Pico de calor foi registrado em diversas regiões do mundo, como Ásia, África, América do Sul e Europa. Relatório será apresentado em cúpula marcada para setembro

Agência Brasil, O Estado de S.Paulo

20 de julho de 2019 | 00h05
Atualizado 20 de julho de 2019 | 10h57

O mês de junho teve a temperatura mais alta já registrada para o mês, no planeta. O recorde abrangeu as temperaturas tanto na terra quanto no mar, segundo a Administração Oceânica e Atmosférica dos Estados Unidos (Noaa, na sigla em inglês).

No acumulado de janeiro a junho, 2019 teve a maior temperatura nos últimos 140 anos.

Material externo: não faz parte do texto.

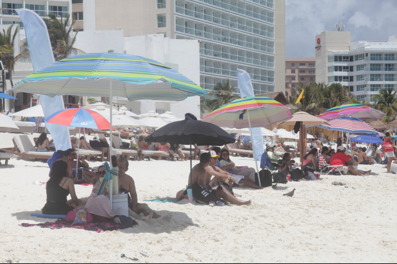 Con un fuerte sol y aguas relativamente libres de sargazo, los bañistas se instalan bajo sus sombrillas y palapas para disfrutar de bebidas frías, botanas y un bronceado.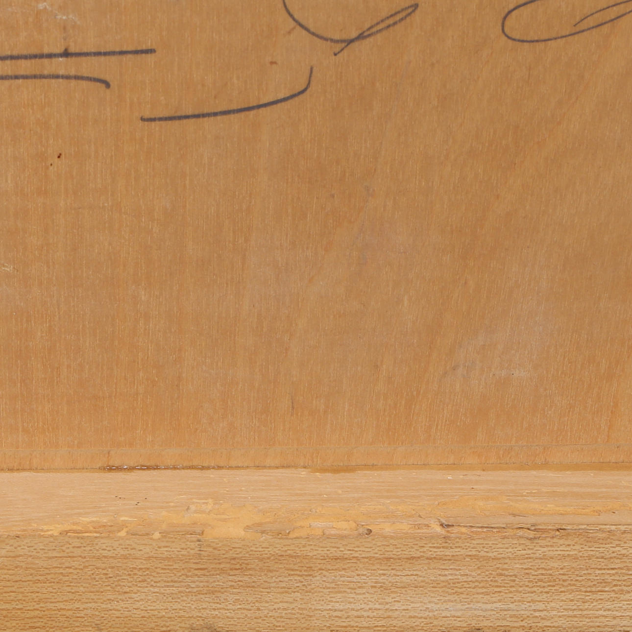 Bruksslitage, maskstunget undertill samt limrester.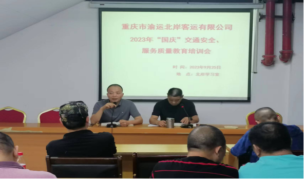 發(fā)表時(shí)間:2023-09-28 11:31作者:覃瑜來(lái)源:渝運(yùn)北岸 為切實(shí)做好“十、一”黃金周期間道路交通安全暨駕駛員文明服務(wù)規(guī)范工作,加強(qiáng)突出事件的預(yù)防與控制,保障群眾平安出行,確保節(jié)日期間的安全和社會(huì)穩(wěn)定2023年9月25日至27日重慶市渝運(yùn)北岸客運(yùn)有限公司組織召開了2023年“十、一”黃金周安全運(yùn)輸、服務(wù)質(zhì)量工作主題教育培訓(xùn)會(huì)。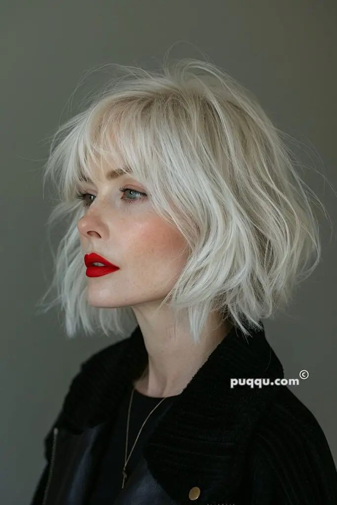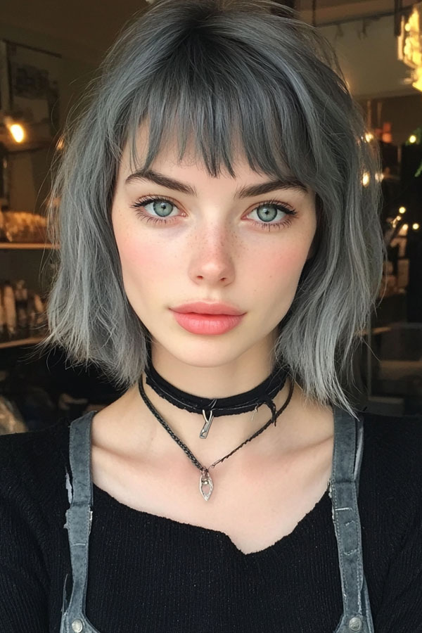 This cut combines vintage flair with modern edge. Layers create texture and bounce, making this ideal for thick or wavy hair. The silver hue enhances its rocker-chic aesthetic.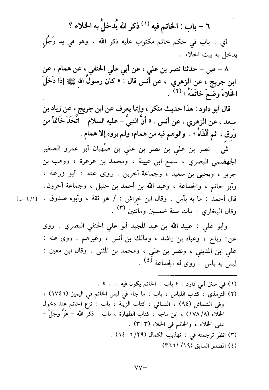(1) في سنن أبي داود: " باب: الخاتم يكون فيه ... ".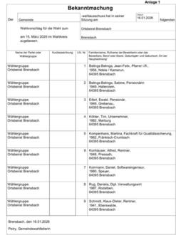 Der Gemeindewahlausschuss hat in seiner öffentlichen Sitzung am 16.01.2026 insgesamt 1 Wahlvorschlag für die Wahl zum Ortsbeirat Brensbach zugelassen: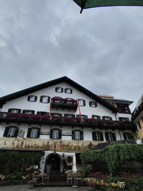 그래서 바로 상트길겐으로 내려가기로 했다. 내리막길은 경사도 심하고, 또 비가 온 후라 미끄럽기도 했다. 힘들게 내려와 마을 안으로 들어가, 숙소인 가스토프 주르포스트 (Gasthof zur Post)가 눈에 보이는 순간, 몸이 탁 풀리며 다리가 후들거렸다. 거의 600 년 된 호텔 건물은 원래 우체국 건물이었다 한다. 많은 예술가들과 정치가들이 다녀간 곳이라고 쓰여있었다. 이 건물은 마을 한복판에 있고, 바로 건너편은 시청건물이다. 상트길겐은 모차르트의 어머니의 고향이고, 그 누이가 살았었고, 그 건물은 모차르트하우스 (Mozarthaus)로 불리는 박물관으로 유지되고 있다.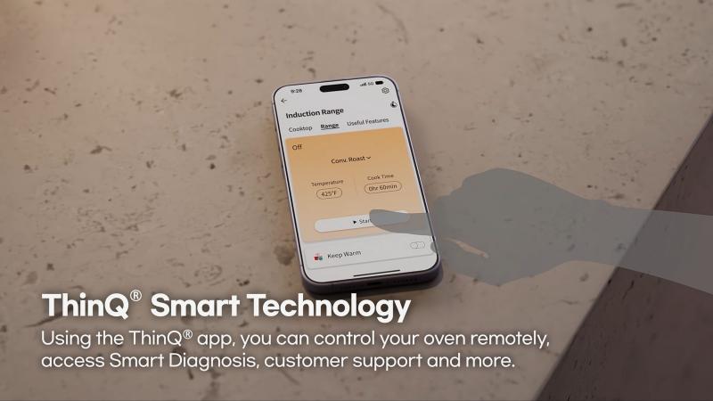 With the ThinQ® app, you check on dishes from the comfort of your couch by monitoring cooking mode and time remaining.You can even use voice commands since it works with the Google Assistant and Amazon Alexa.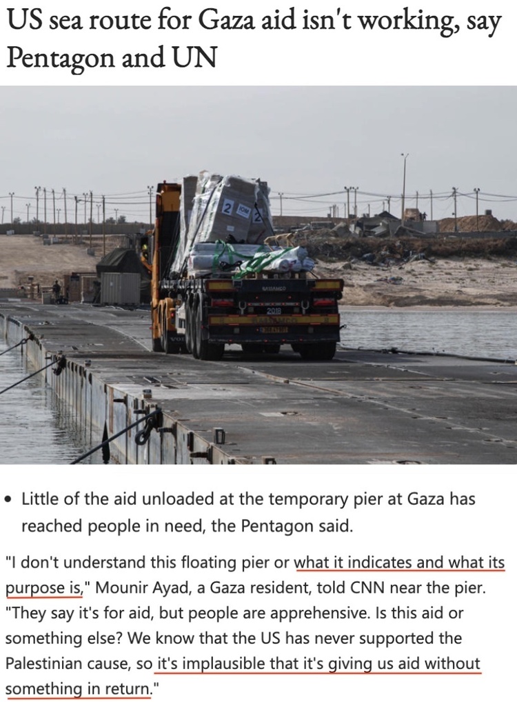 加沙居民穆尼尔·阿亚德就曾对美国媒体表示,他不明白这个临时码头意味着什么,目的又是什么。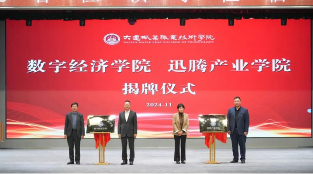 揭牌仪式上,大连枫叶职业技术学院院长杨捷与滨海迅腾集团董事长邵荣强共同为“数字经济产业学院”揭牌;大连枫叶职业技术学院副院长高成林与滨海迅腾集团党副总裁韦钰共同为“迅腾产业学院”揭牌,标志着实体运营产业学院启航,校企双方将围绕打造产教融合示范引领项目谱写新篇章。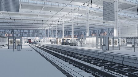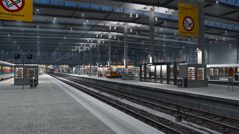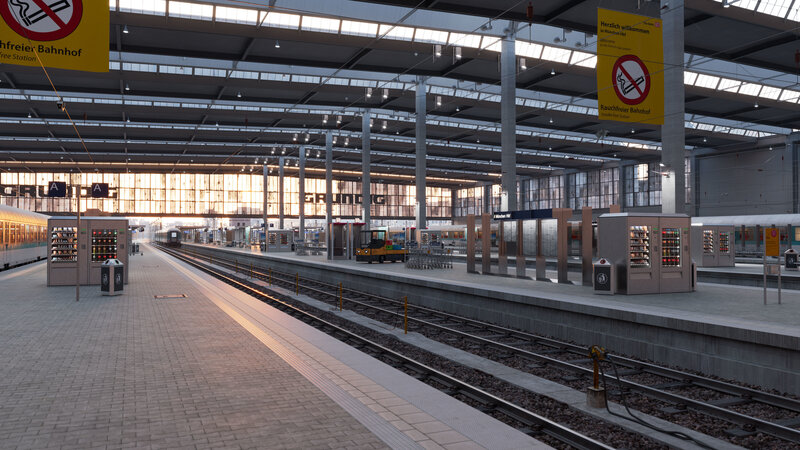 Scene with platform, rails, catenary, bench, speaker, trash bin, manhole cover, station roof and tower, display and section markers, snack vending machines, baggage trolley and baggage car, phone box, waiting areas, and much more, shaded and lit in two states (day and night) for V-Ray 5 and in 3D Studio Max 2016/2019, rendersettings and V-Ray color corrections are included, as well as all textures.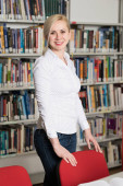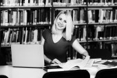 W bibliotece - bardzo kobiece Student z książek pracy w liceum - Biblioteka Uniwersytecka - płytkiej głębi ostrości
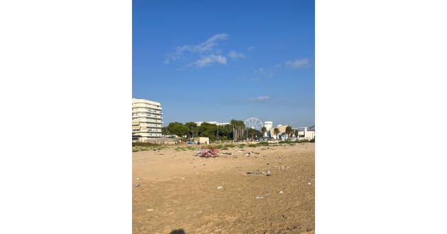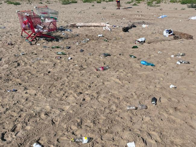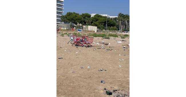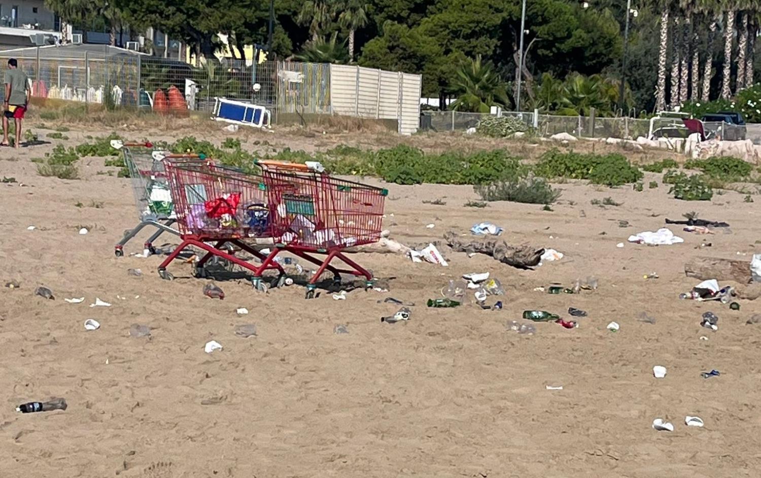 Bottiglie e bicchieri disseminati un po' ovunque, persino tre carrelli con ogni evidenza sottratti a qualche supermercato, buste e dulcis in fundo bottiglie di vetro. Qualcuna rotta con i frammenti che la sabbia comincia a nascondere: si spera che nessuno ci passi sopra.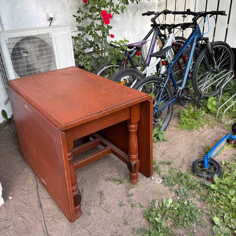 Det er opprinnelig et stuebord, men jeg har satt på treklosser på bunnen for å heve bordet. Det er brukt som et lite kjøkkenbord. Klossene kan tas av ved behov. Litt slitt og flekkete, kan pusses ned. Et par skruer under kan med fordel strammes.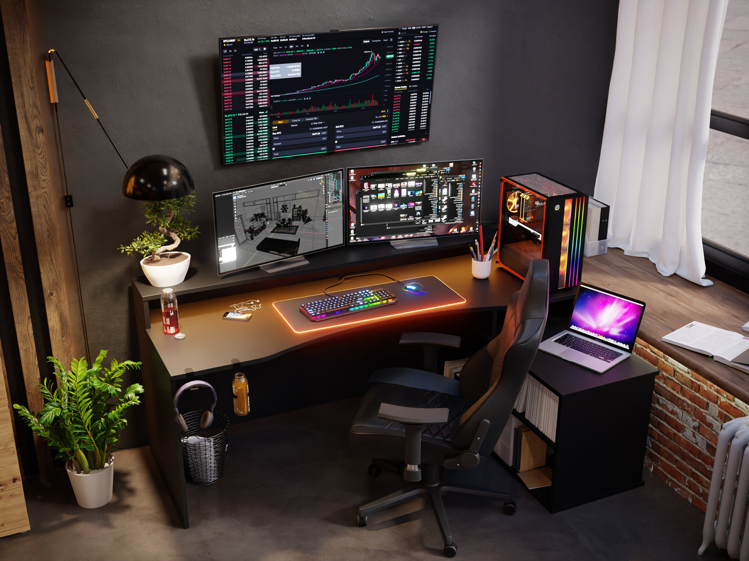 Marzy Ci się idealne stanowisko komputerowe, które w ciągu dnia będzie spełniało rolę stanowiska do homeoffice? Wystarczy, że wybierzesz duże czarne biurko gamingowe z pólkami - 200 cm, dodasz do tego drewniane elementy, czarną ścianę i buuum! Masz stanowisko do HO, które nocą niczym Batman, dzięki idealnym wymiarom i oświetleniu LED zamienia się w wymarzone stanowisko gamingowe!

Apenas o ano de 2016 teve mais calor do que o medido neste ano.

Na medição da média mensal, nove dos 10 meses de junho mais quentes da história ocorreram desde 2010. A exceção foi o calor registrado em 1998.

O pico de calor foi registrado em diversas regiões do mundo, como Ásia, África, América do Sul e Europa. Nesta última, uma onda de calor, que atingiu o continente, chegou a ter temperaturas até 10º C mais quentes do que a média normal para a região.

Os dados são importantes para aferir o movimento de ampliação da temperatura do planeta, indicador chave dentro do debate de mudanças climáticas. Mas segundo a Organização Mundial Meteorológica, outros indicadores também tiveram desempenho que demandam observação. Em junho foi registrada a segunda menor extensão de gelos do Ártico, em 41 anos.

De acordo com a Organização das Nações Unidas, a OMM deve apresentar um relatório sobre o estado do clima no mundo na Cúpula da ONU sobre Ação Climática, marcada para setembro.